*Try it*.
Exactly and only the lines below from the one containing "Employee Christina Kosorygina" down to the one containing "Bob Wig HD Lace" are wanted, both included; please exclude every picture.

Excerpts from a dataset
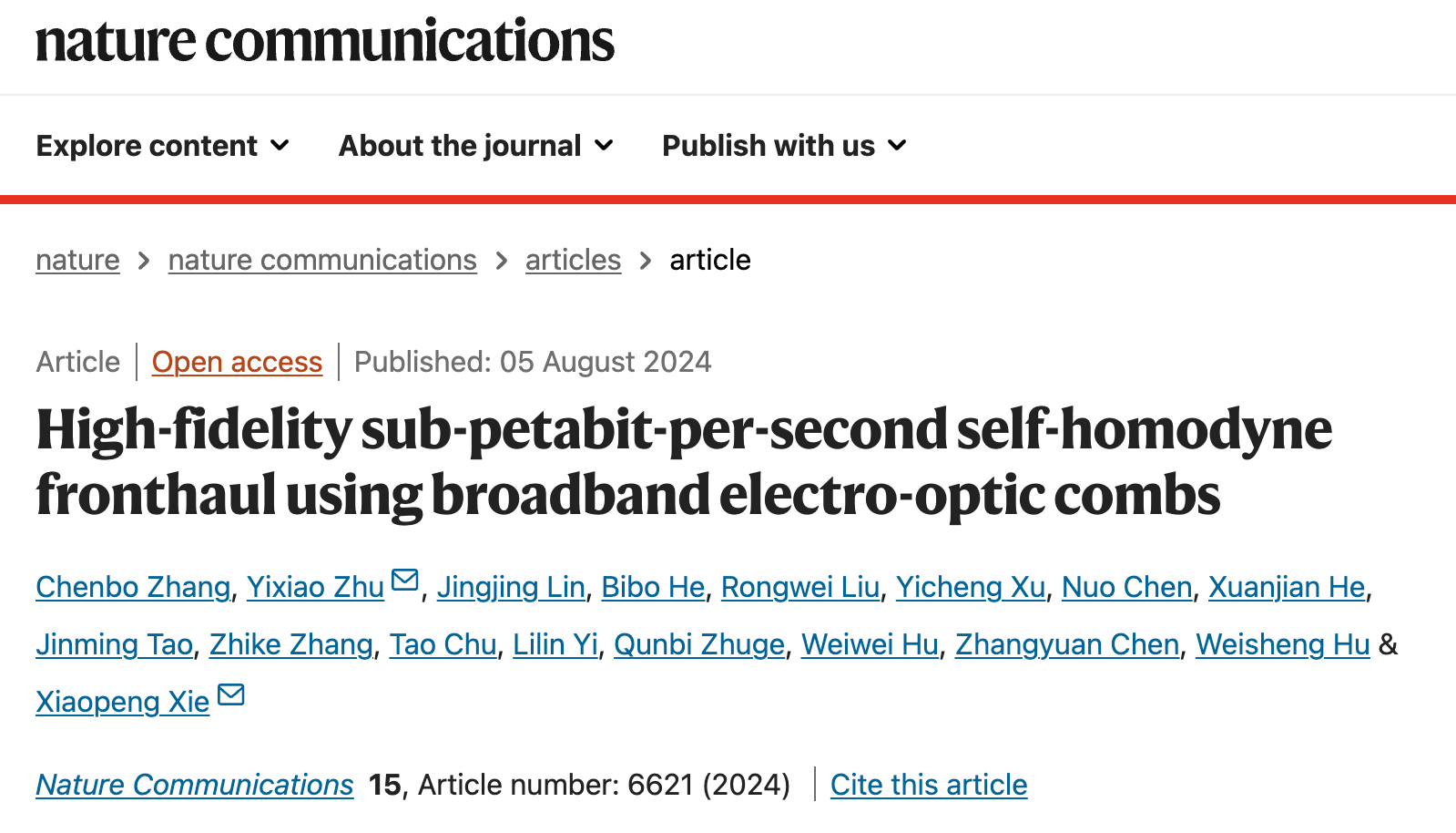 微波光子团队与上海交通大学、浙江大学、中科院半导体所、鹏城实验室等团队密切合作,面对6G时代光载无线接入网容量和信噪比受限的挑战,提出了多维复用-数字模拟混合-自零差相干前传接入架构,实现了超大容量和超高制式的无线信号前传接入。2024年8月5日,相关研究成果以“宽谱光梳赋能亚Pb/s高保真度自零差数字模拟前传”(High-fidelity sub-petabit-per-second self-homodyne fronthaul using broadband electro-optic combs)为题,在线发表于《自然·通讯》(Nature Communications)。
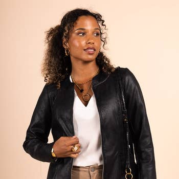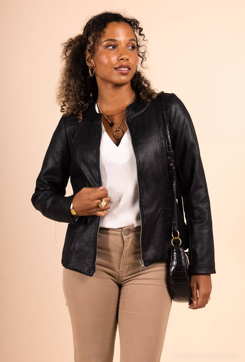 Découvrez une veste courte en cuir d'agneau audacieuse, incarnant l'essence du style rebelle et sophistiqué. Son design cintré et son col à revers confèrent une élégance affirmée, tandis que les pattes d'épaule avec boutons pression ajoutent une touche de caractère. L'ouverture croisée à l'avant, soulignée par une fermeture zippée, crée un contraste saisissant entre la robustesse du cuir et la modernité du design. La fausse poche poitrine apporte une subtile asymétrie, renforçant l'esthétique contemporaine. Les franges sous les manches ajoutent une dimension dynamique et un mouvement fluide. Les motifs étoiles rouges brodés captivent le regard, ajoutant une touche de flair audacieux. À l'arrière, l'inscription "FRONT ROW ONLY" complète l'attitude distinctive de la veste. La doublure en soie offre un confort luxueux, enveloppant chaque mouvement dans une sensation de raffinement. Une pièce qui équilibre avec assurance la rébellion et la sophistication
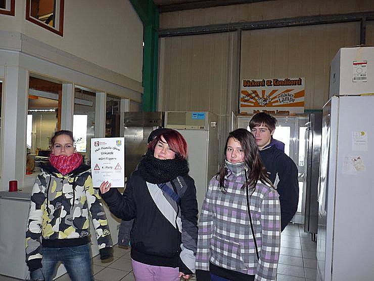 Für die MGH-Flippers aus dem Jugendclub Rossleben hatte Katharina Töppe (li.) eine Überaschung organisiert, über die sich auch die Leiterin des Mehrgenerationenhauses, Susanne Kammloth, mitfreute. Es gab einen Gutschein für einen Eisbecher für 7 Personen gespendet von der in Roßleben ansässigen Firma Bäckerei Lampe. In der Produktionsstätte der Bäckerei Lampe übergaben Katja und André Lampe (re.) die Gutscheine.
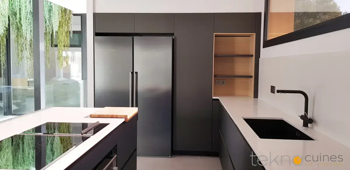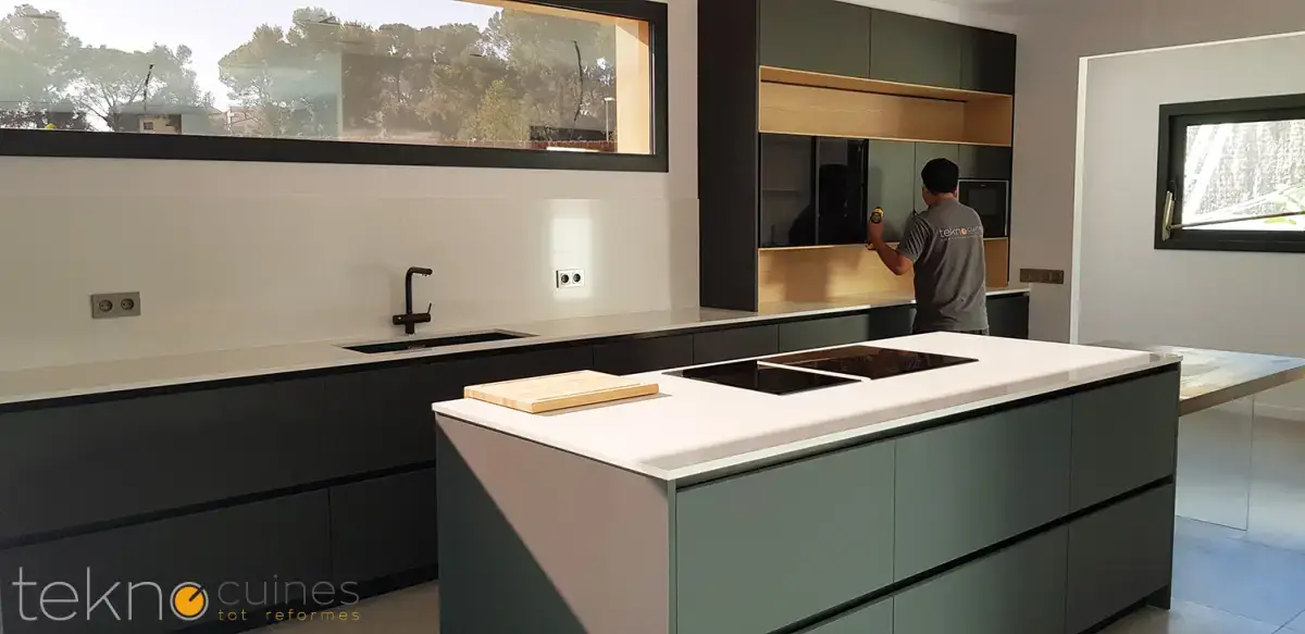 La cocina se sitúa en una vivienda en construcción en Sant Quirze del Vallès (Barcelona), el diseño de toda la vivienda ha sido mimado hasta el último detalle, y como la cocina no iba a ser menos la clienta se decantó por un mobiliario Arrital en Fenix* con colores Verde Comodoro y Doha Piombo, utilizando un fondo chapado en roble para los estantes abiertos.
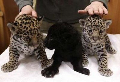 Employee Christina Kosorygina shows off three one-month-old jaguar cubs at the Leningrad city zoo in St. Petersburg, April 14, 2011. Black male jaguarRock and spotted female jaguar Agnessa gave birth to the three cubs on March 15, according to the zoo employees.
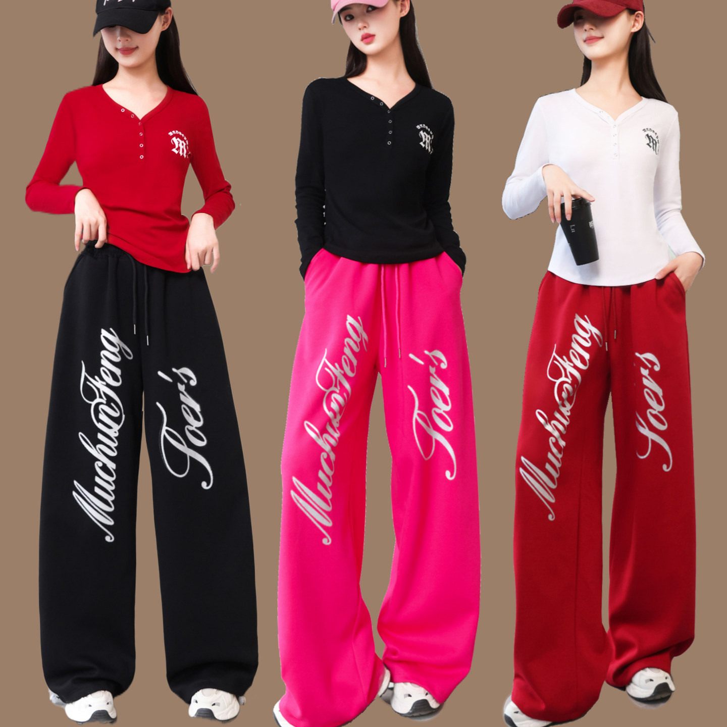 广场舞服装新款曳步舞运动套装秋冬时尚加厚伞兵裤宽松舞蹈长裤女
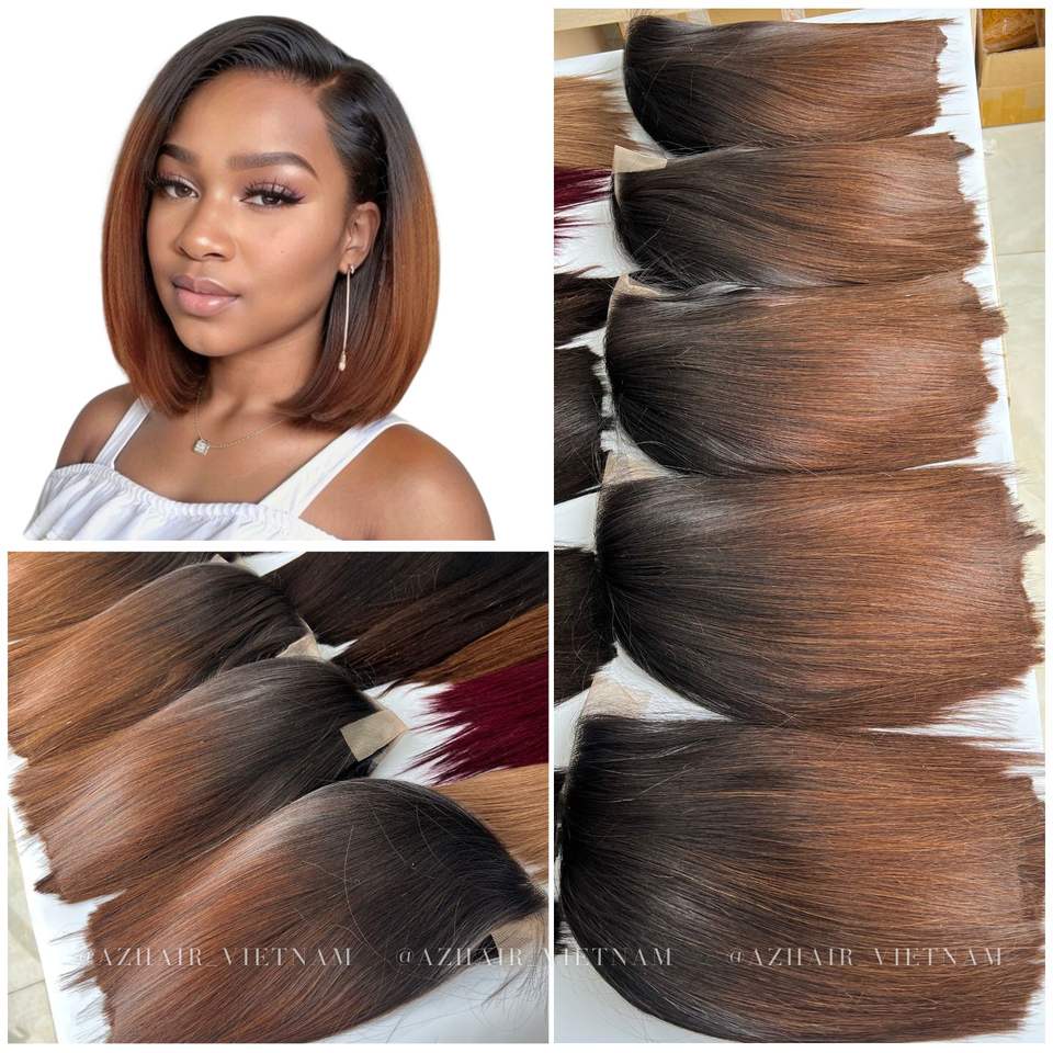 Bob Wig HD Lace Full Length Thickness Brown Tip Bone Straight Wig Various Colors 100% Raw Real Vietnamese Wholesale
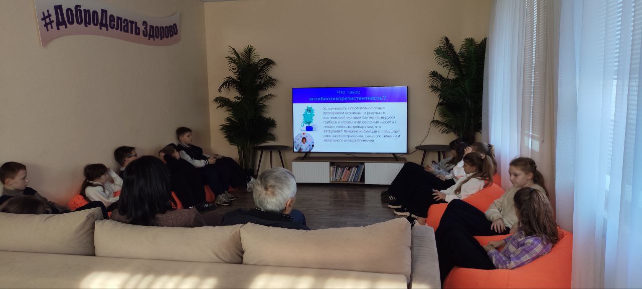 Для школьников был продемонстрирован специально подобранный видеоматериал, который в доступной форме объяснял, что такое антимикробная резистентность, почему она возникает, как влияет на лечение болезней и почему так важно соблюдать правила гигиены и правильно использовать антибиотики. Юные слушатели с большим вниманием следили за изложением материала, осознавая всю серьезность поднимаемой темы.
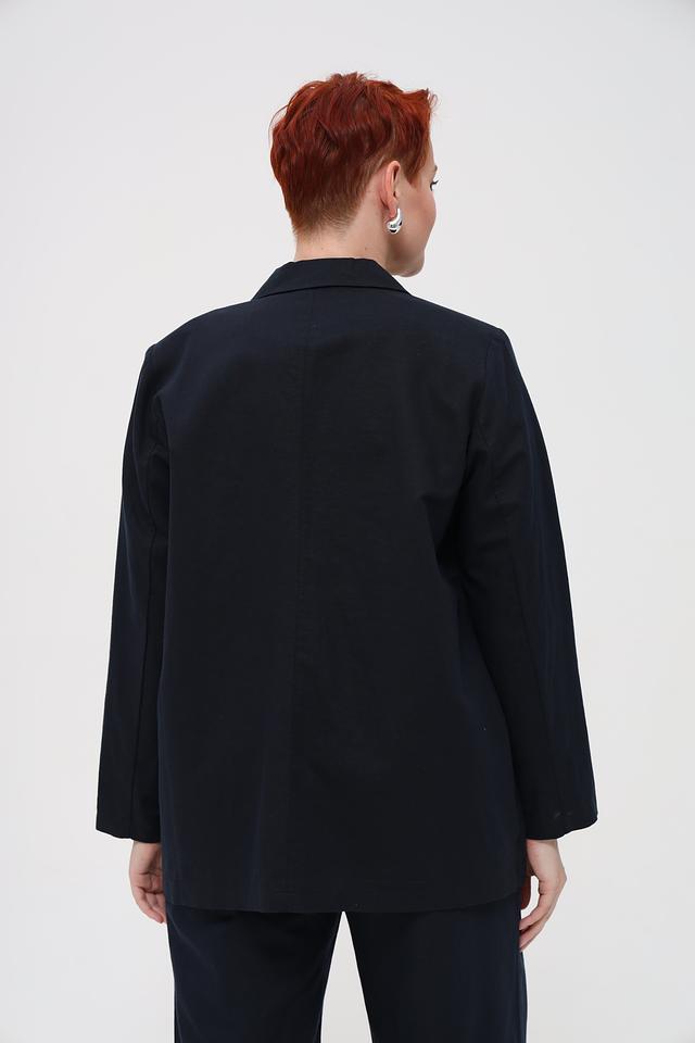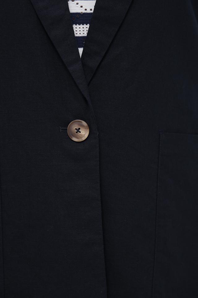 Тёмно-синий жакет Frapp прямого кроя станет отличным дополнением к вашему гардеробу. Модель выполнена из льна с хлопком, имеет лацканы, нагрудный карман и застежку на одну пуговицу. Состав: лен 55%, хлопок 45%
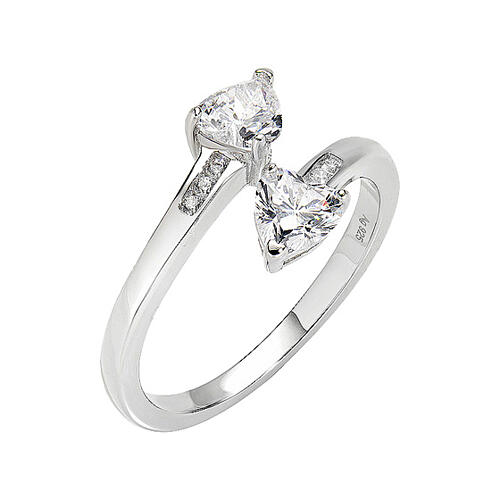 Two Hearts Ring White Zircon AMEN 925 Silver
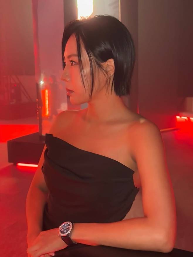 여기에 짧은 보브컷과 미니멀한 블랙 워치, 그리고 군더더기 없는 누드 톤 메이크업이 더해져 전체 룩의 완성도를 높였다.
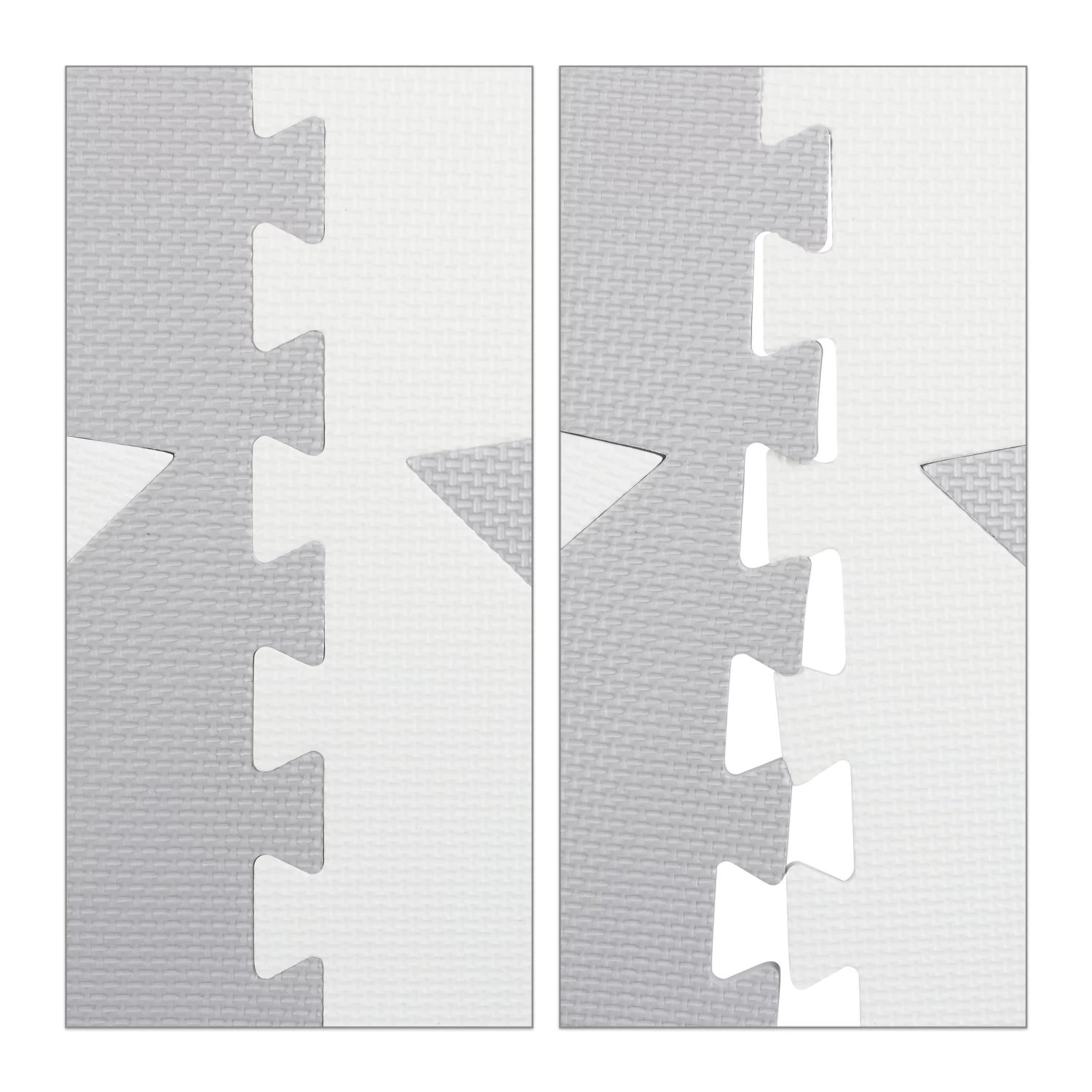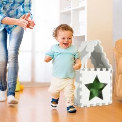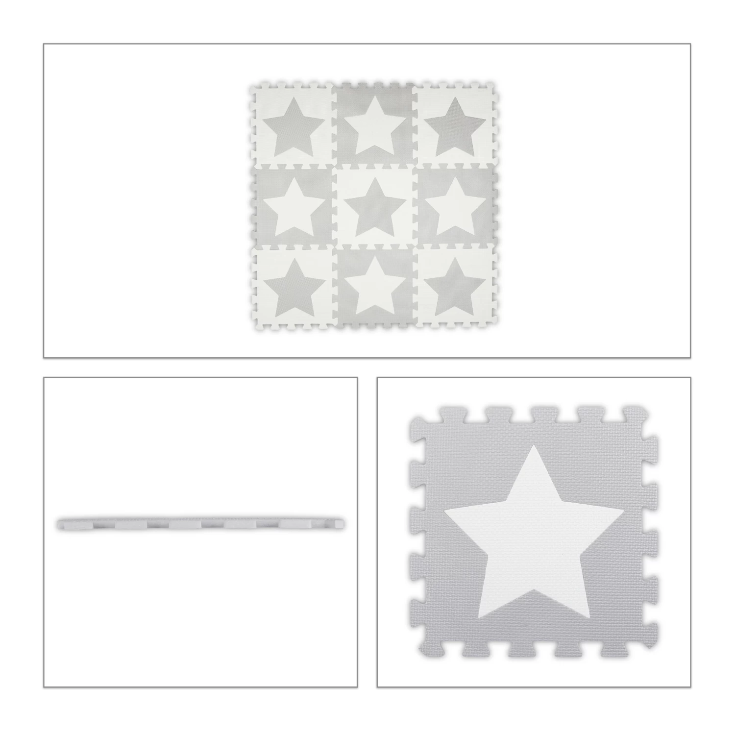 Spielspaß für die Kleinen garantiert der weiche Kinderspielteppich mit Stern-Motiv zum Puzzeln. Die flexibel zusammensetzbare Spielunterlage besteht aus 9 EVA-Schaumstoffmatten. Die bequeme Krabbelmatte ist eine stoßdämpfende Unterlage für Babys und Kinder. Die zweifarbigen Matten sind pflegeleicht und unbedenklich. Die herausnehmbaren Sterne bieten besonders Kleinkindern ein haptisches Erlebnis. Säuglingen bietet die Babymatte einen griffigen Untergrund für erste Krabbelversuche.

*Task response*.
 Employee Christina Kosorygina shows off three one-month-old jaguar cubs at the Leningrad city zoo in St. Petersburg, April 14, 2011. Black male jaguarRock and spotted female jaguar Agnessa gave birth to the three cubs on March 15, according to the zoo employees.
 广场舞服装新款曳步舞运动套装秋冬时尚加厚伞兵裤宽松舞蹈长裤女
 Bob Wig HD Lace Full Length Thickness Brown Tip Bone Straight Wig Various Colors 100% Raw Real Vietnamese Wholesale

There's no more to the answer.